Now for some new notation. We say that the zeroth divided difference of $f$ with respect to $x_i,$ denoted as $f[x_i],$ is just the value of $f$ at $x_i:$

$$ f[x_i] = f(x_i). $$

Remaining divided differences are defined recursively; the first divided difference of $f$ with respect to $x_i$ and $x_{i+1}$ is denoted $f[x_i, x_{i+1}]$ and defined as

$$ f[x_i, x_{i+1}] = \frac{f[x_{i+1}] - f[x_i]}{x_{i+1} - x_i}. $$

The second divided difference is then

$$ f[x_i, x_{i+1}, x_{i+2}] = \frac{f[x_{i+1}, x_{i+2}] - f[x_i, x_{i+1}]}{x_{i+2} - x_i}. $$

In general, the kth divided difference is

$$ f[x_i, x_{i+1}, x_{i+2}, \dots, x_{i+k}] = \frac{f[x_{i+1}, x_{i+2}, \dots, x_{i+k}] - f[x_i, x_{i+1}, \dots x_{i+k-1}]}{x_{i+k} - x_i}, $$

and finally we get the nth divided difference

$$ f[x_0, x_1, \dots, x_n] = \frac{f[x_1, x_2, \dots, x_n] - f[x_0, x_1, \dots, x_{n-1}]}{x_n - x_0}. $$

This means that $a_0 = f[x_0],$ $a_1 = f[x_0, x_1],$ and in general

$$ a_k = f[x_0, x_1, \cdots, x_k], $$

for each $k = 0, 1, \dots, n.$ Now, we can rewrite $P_n(x)$ as Newton's Divided Difference:

$$ P_n(x) = f[x_0] + \sum_{k=1}^{n} f[x_0, x_1, \dots, x_k](x - x_0)\cdots(x - x_{k-1}). $$

One important fact is that the value of $f[x_0, x_1, \dots, x_k]$ is independent of the order of the numbers $x_0, x_1, \dots, x_k.$ That means we can add a sample point in the middle of others and calculate the additional term in order to improve the accuracy of the interpolation.

Here's psuedocode:

float[] newtonsDividedDifference(float xs, float ys) {
    assert(len(xs) = len(ys));

    int n = len(xs) - 1;

    float F[n+1][n+1];
    float as[n+1];

    for (int i = 0; i <= n; i++) {
        F[i][0] = ys[i];
    }

    for (int i = 1; i <= n; i++) {
        for (int j = 1; j <= i; j++) {
            //F[i][j] = f[x_{i - j}, ..., x_i]
            F[i][j] = (F[i][j-1] - F[i - 1][j - 1])/(xs[i] - xs[i - j]);
            if (i == j) {
                as[i][i] = F[i][i];
            }
        }
    }

    return as;
}

Chebyshev Polynomials

We can use the orthogonal family of Chebyshev Polynomials to pick optimal nodes for minimizing error for approximation of a function with Lagrange Interpolating Polynomials.

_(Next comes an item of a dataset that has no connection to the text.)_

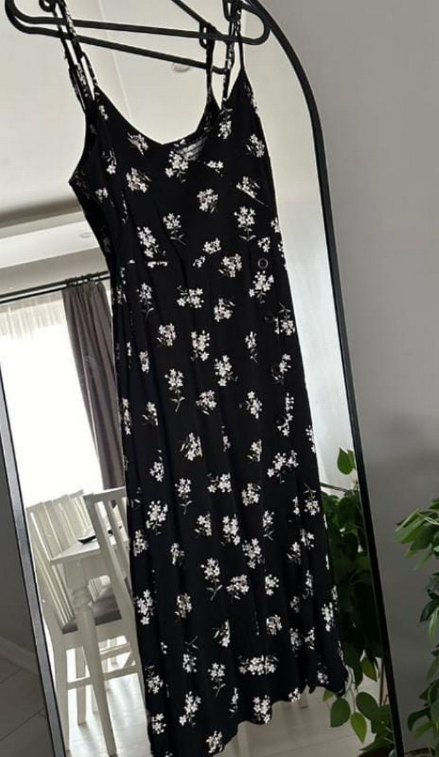 Siyah renkte, uzun, bol kesim ve drapeli, V yakalı, askılı, koyu çiçek desenli elbisedir. Günlük kullanıma uygundur.
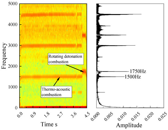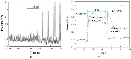 The rotating detonation wave becomes unstable when the inlet mass flux is 375 kg/(m2s), and the equivalent ratio is 0.8. The dynamic pressure sequence, along with the results of FFT and STFT, are displayed in Figure 4. In the dynamic pressure sequence diagram, the ignition time of the pre-detonation tube is at time zero. It can be observed that the basic frequency of the pressure wave is 1500 Hz during the first 4.2 s and 1750 Hz during the last 0.3 s. The frequency of 1500 Hz corresponds to thermo-acoustic combustion, while the frequency of 1750 Hz corresponds to rotating detonation wave combustion. A partially enlarged detail of tangential thermo-acoustic combustion is shown in Figure 5a. The total temperature of the incoming flow is 1250 K, and the mixture equivalence ratio is 0.8. Consequently, the total temperature of the burned gas can be estimated to be around 2610 K using the program developed by the research group. Since the Mach number of the gas flow is less than 0.3 in the chamber, the static temperature is close to the total temperature. Thus, the sound velocity of the burned gas can be estimated to be 959 m/s using the total temperature. With an outer diameter of 300 mm for the chamber, the tangential oscillation frequency in the combustion chamber is calculated to be 1425 Hz, based on the method introduced in the literature [43]. This presents a deviation of 5% when compared with the measured 1500 Hz in the test. Considering that there are errors in the test and calculation processes, the combustion mode during the first 4.2 s can be confirmed as tangential thermo-acoustic coupling combustion. The pressure sequence and propagation velocity of rotating detonation combustion are shown in Figure 5b. The average value of the detonation wave pressure peak is approximately 2 MPa, and the average velocity of detonation wave propagation is about 1610 m/s based on the frequency of 1750 Hz. Because the total temperature of the incoming air is as high as 1250 K, the kerosene quickly turns into steam in the high-temperature airflow. So, it assumes that the mixture in front of the detonation is gaseous, and the air and gaseous kerosene are mixed well. The C-J values of the pressure and the propagation velocity of the rotating detonation wave are computed by the NASA CEA [44]. The C-J theoretical velocity and pressure of the detonation wave are estimated to be 1694 m/s and 2.1 MPa, respectively. The measured velocity of rotating detonation wave propagation is slightly lower than the C-J theoretical value, as is the peak pressure. Since the deviation range is within 5%, it is confirmed that the rotating detonation wave is in the C-J detonation state during the last 0.3 s. Figure 6 displays the dynamic pressure and static pressure sequences of the combustion chamber when the combustion mode transitions from thermo-acoustic combustion to rotating detonation combustion. It can be observed that the static pressure in the combustion chamber increases from 0.368 MPa to 0.386 MPa. This results in a static pressure increase of about 5% for the rotating detonation combustion mode in the chamber. The pressure in the vitiator is higher than 2 MPa; meanwhile, the average pressure in the rotating detonation chamber is lower than 0.4 MPa, so the mass flow rate of the chamber is constant. According to the one-dimensional flow equation of , the total pressure increases by 5%, so the total temperature should increase by about 10%. It can be concluded that the efficiency of rotating detonation combustion in the chamber is higher than that of thermo-acoustic combustion. The specific impulse of RDE is improved by more than 10%, demonstrating the superior performance of detonation combustion.

Doing so requires either that the function we're approximating is on $[-1, 1]$ or doing some more advanced transformations I won't cover here, so just assume that's the domain.

Then, to make $P_n(x),$ we pick the nodes as the roots of the monic Chebyshev Polynomial $\tilde{T}_{n+1}.$ Those nodes are then given by

$$ x_k = \bar{x}_{k+1} = \cos{\left ( \frac{2k + 1}{2(n+1)} \pi \right ).} $$

We then proceed as usual using one of the above methods.

Cubic Splines

Using a single high-degree polynomial to approximate a function on an interval has some issues. Particualarly, high-degree polynomials can oscillate erratically.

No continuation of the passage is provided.